NewRez is reducing or changing our overlays for Conforming, FHA and VA products, effective immediately
Conforming, FHA and VA Overlay Removals or Modifications
The list below highlights most of the overlay removals but is not all inclusive. See the Product Profiles for complete guidelines.
Conforming Transactions
- Credit score 620 no longer a requirement for LPA loans. Follow the LPA Feedback Certificate.
- LPA loans are eligible for borrowers with a credit event with extenuating circumstances (bankruptcy, foreclosure, etc.)
- Manufactured Homes may comply with Fannie Mae or Freddie Mac for the following requirements:
- Follow DU/LPA for credit score; 660 no longer required
- Second Homes LTV/CLTV may follow DU/LPA
- A minimum 5% of borrower’s own funds into transaction is no longer required.
- Structurally modified units or units that have an addition are permitted; subject to compliance with Fannie Mae and Freddie Mac guidelines. A structural engineer’s report will be required.
- Transferred appraisals will be permitted
- Manually underwritten loans are permitted
- Freddie Mac transactions: The 5% reduction to LTV when subordinate financing exists is no longer required.
- Properties listed for sale must not be listed at time of disbursement. It is no longer required to cancel the listing by the application date.
- Short sales are permitted per Fannie Mae or Freddie Mac guidelines.
- Self-employed borrowers: Follow DU/LPA requirements for tax return requirements.
- Employment Verification: IRS Form 4506-T is now required to be signed at closing for the following:
- For each borrower whose income is used to qualify
- Borrower(s) whose income has been validated through DU validation service or AIM must sign IRS Form 4506-T at closing even if DU or LPA waives the requirement
- For the business tax return transcript(s) when the business returns are used for qualification.

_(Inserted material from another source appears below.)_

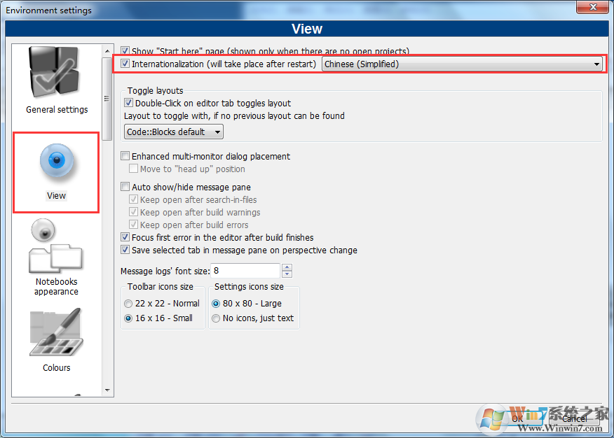 选择 View 选项,勾选 Internationalization 选项,同时选择其中的 Chinese(Simplified)。然后点击 OK 按钮。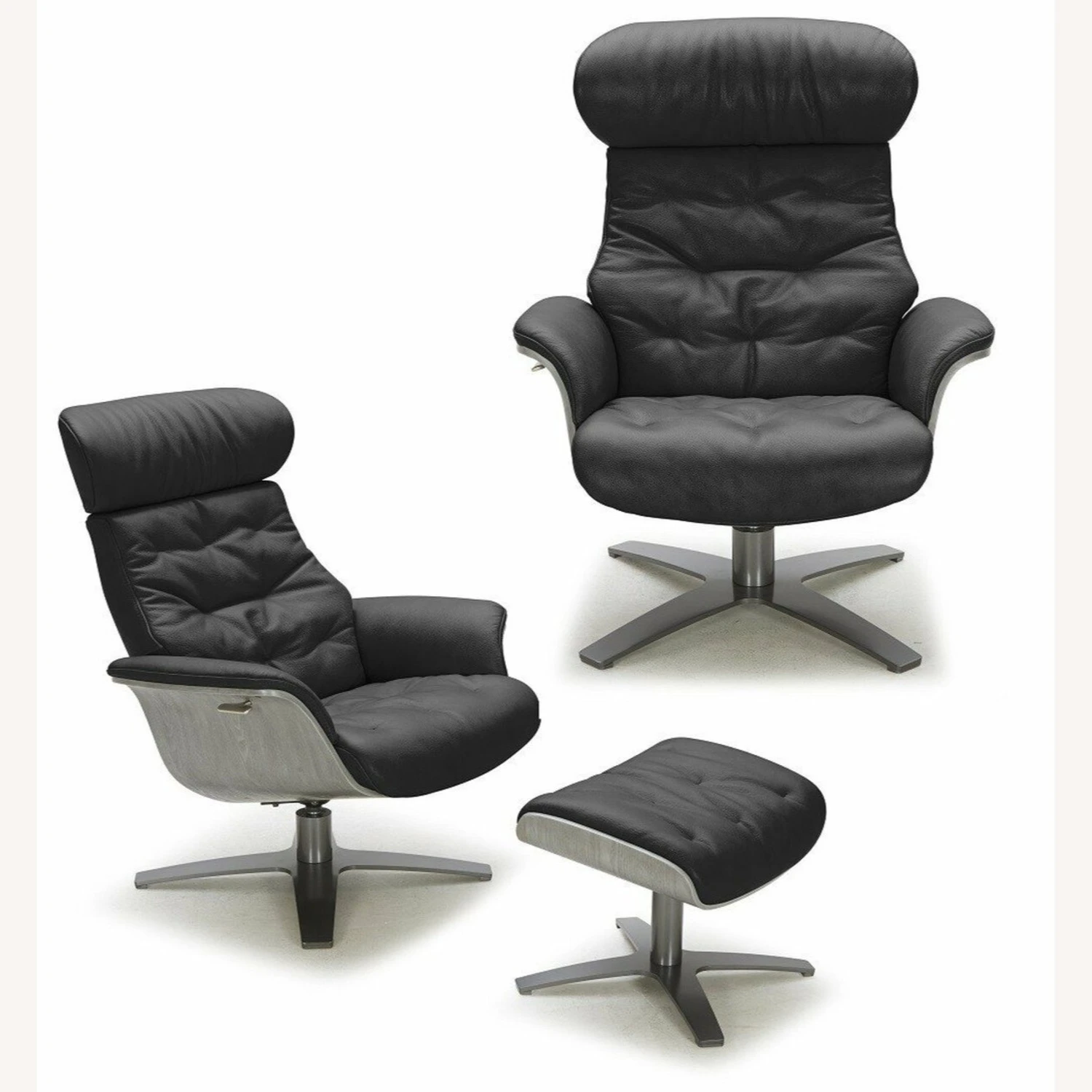 • The play of wood veneer entwined with premium Italian leather upholstery create a striking contrast.

- For each borrower whose income is used to qualify
FHA Transactions
- Credit score has been reduced to 580 for manually underwritten loans; follow FHA guidelines for ratios and compensating factors
- Chapter 13 bankruptcy may follow FHA guidelines; it is no longer a requirement that the bankruptcy is discharged
- Extenuating circumstances for reduced seasoning on bankruptcies, foreclosure, DIL or short sales are permitted per FHA guidelines
- Removed requirements when using business assets for down payment and closing costs. FHA is silent; it is incumbent upon you to properly document the use of these funds
- The following programs are now eligible:
- Building on Own Land
- Energy Efficient Mortgages
- HUD-approved secondary residences
- Mortgage Credit Certificates
- Manufactured homes may comply with FHA guidelines for the following requirements:
- Minimum 660 credit score removed; see product profiles for minimum credit score
- Housing payment history to follow FHA guidelines
- May be manually underwritten per FHA guidelines
- Singlewide permitted
- Employment verification: IRS Form 4506-T is now required to be signed at closing for the following:
- For each borrower whose income is used to qualify
- For the business tax return transcript(s) when the business returns are used for qualification
- Not required for FHA Non-Credit Qualifying Refinance
VA Transactions
- Minimum 580 credit score to $1,000,000; 700 credit score to $1,500,000 (excluding manufactured homes)
- Minimum 620 credit score for IRRRLs
- VA credit guidelines may be followed, including non-traditional credit, bankruptcies, foreclosures, extenuating circumstances, DTI, etc.
- Employment verification: IRS Form 4506-T is now required to be signed at closing for the following:
- For each borrower whose income is used to qualify
- For the business tax return transcript(s) when the business returns are used for qualification
- Not required for VA IRRRL
Please reference our Product Profiles page for the changes outlined in this announcement.